## Your objective
Make an exact transcript of the lines in the data below, starting with the one containing "クルマを保有していない人に保" and going on through the one containing "- توزيع كمية", with both included and the pictures left out.

## Provided data
----------------

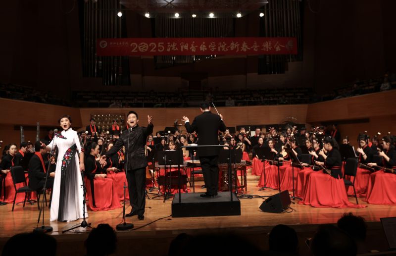 1月3日晚,盛京大剧院音乐厅内华灯璀璨,洋溢着新年的喜庆氛围。在著名青年指挥家、我院民族器乐系副教授孙鹏的指挥下,音乐会在寓意兴旺与美好的民族管弦乐《盛》中拉开了帷幕。庄重与欢庆的旋律在音乐厅内回响,灵动跳跃的音符表达出人们对新的一年繁荣昌盛的美好祝愿。随后乐团演奏的《思念》,以抒情慢板的形式,深情地表达了相思与怀念的情感。古筝协奏曲《定风波》、唢呐与乐队《百鸟朝凤》、民族管弦乐《新金蛇狂舞》,多角度展现了中华民族悠久灿烂的音乐文化。融入山西民歌元素,旋律深邃优美的歌曲《远情》,既充满了对人生沧桑变幻的感慨,又表达了对美好事物的追求。极具东北地域风格特色的民间小调《丢戒指》和东北民歌《看秧歌》,节奏明快、幽默风趣,令人轻松愉悦的旋律表现了东北人民风趣诙谐的性格和丰富多彩的民俗文化,既让人感受到东北地域节日的热闹氛围,也让人在欢笑中感悟生活的温馨与美好。乐团还演奏了近年来创作的民族管弦乐《春华秋实》,借音乐象征从辛勤耕耘到收获满满的历程,寓意着付出与收获、努力与成就的必然联系,激励人们为实现美好的明天而努力奋斗。音乐会特邀中国民族管弦乐学会会长、中国音乐家协会琵琶学会会长、我国民族器乐领域知名专家吴玉霞演出琵琶协奏曲《云想花想》。演奏家通过精湛且丰富的琵琶演奏技法和琵琶独特的音乐表现力,以跌宕起伏的节奏道出“春风拂槛露华浓”的意蕴,描绘出深切的情思和对美好事物的向往,为精彩的音乐会再添亮色。
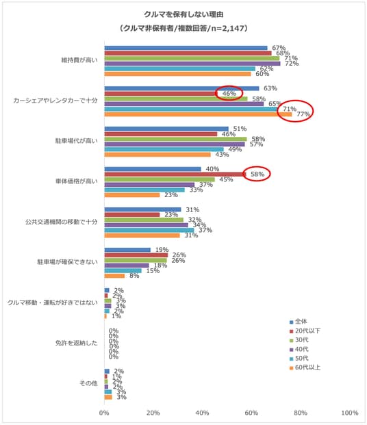 クルマを保有していない人に保有しない理由を聞くと、「維持費が高い」67%、「カーシェアやレンタカーで十分」63%が上位に並びました。
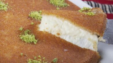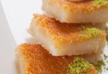 - توزيع كمية قليلة من الحشو في وسط كل قرص من الكنافة ثمّ تقديمها باردة.
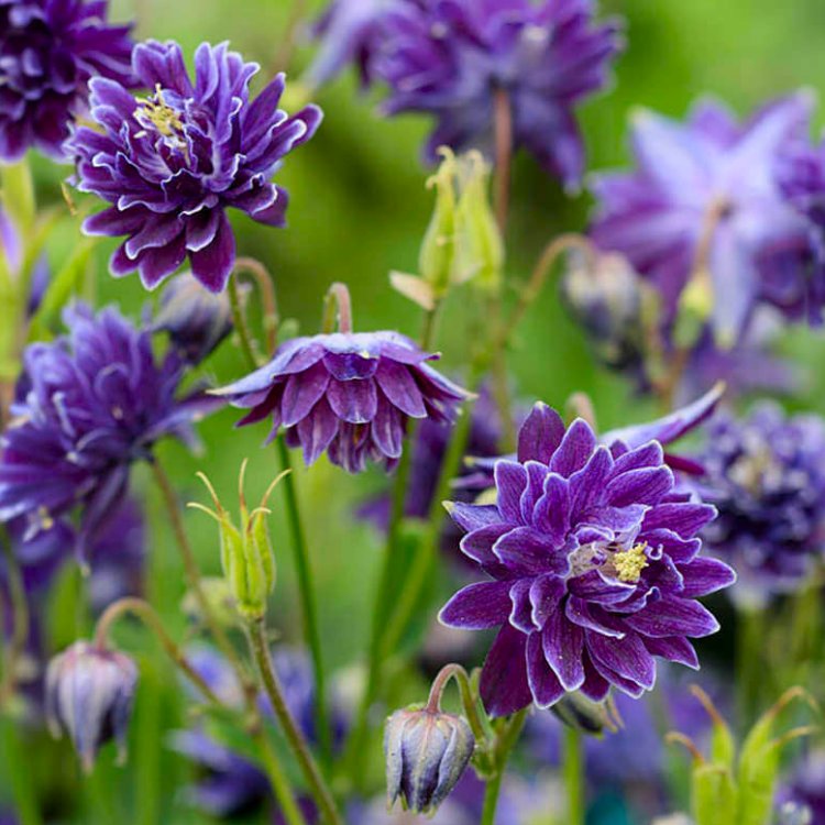 Known as Christa Barlow Columbine, Aquilegia ‘Christa Barlow’ is an eye-catching perennial with unusual, double-spurred flowers that have a rich purple colour. Its exquisite blossoms, which attract pollinators like bees and butterflies, are a focal point in any garden and bloom from late spring to early summer. With a moderate height of up to 90 cm, the plant is a great option for woodland garden settings or medium borders. ‘Christa Barlow’ is best in partial shade but may also withstand full sun; it needs wet, well-drained soil. With only occasional deadheading to encourage more flowering and a light mulch to conserve soil moisture and regulate temperature, this cultivar requires very little care.

----------------

## Worked solution
 クルマを保有していない人に保有しない理由を聞くと、「維持費が高い」67%、「カーシェアやレンタカーで十分」63%が上位に並びました。
 - توزيع كمية قليلة من الحشو في وسط كل قرص من الكنافة ثمّ تقديمها باردة.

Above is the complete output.